Гепатит  – это заболевание, характерное хроническим течением. Т.е., болезнь пожизненная. Однако, гепатит поддаётся контролю, что позволяет значительно ослабить воздействие вируса на организм. Таким образом, ответ на вопрос, гепатит лечится или нет, неоднозначен.

Лечение хронического гепатита возможно, но, преимущественно, полностью излечиться не получается. В свою очередь, гепатит С лечится более эффективно, чем В. Результаты исследований, проведённых несколько лет назад, указывают на относительно высокий показатель эффективности терапии гепатита С – до 40%.

Результаты клинических исследований ясно показали, что присутствует необходимость изменения конкретных рекомендаций относительно лечения хронической HBV-инфекции нуклеозидами и нуклеотидными аналогами. Основой для этой рекомендуемой процедуры была рекомендация EASL с 2009 года. Максимально возможное соблюдение экспертных рекомендаций является необходимым условием для достижения эффективного ухода за пациентами с вирусным гепатитом в масштабе всей страны (независимо от того, излечится заболевание полностью или нет).
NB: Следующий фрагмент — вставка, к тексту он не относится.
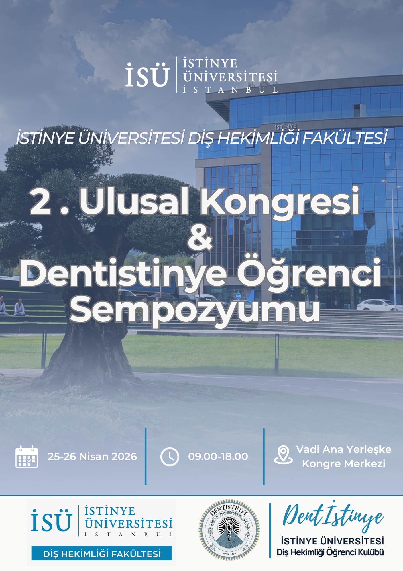İstinye Üniversitesi, Diş Hekimliği Fakültesi tarafından 25-26 Nisan 2026 tarihlerinde gerçekleşecek olan “İstinye Üniversitesi Diş Hekimliği Fakültesi 2. Ulusal Kongresi & Dentistinye Öğrenci Sempozyumu” isimli etkinliğe davetlisiniz.

Зачем лечить хроническую HBV-инфекцию?

По данным экспертных оценок, во всём мире живёт около 300 млн. человек с хроническим гепатитом. Согласно последним серологическим исследованиям от 2001 года, 0,56% наших граждан хронически инфицированы вирусом гепатита. Ежегодно сообщается о более 500 случаев острого вирусного гепатита. В хроническую стадию переходит менее 5% случаев острого гепатита у иммунокомпетентных лиц. У людей с иммунодефицитом (лица на хроническом гемодиализе, люди, перенёсшие противоопухолевую или иммуносупрессивную терапию, коинфицированные ВИЧ), имеют пониженную способность распознавать и/или ликвидировать HBV-инфекцию и, следовательно, она переходит в хроническую форму инфекции (более 50% случаев).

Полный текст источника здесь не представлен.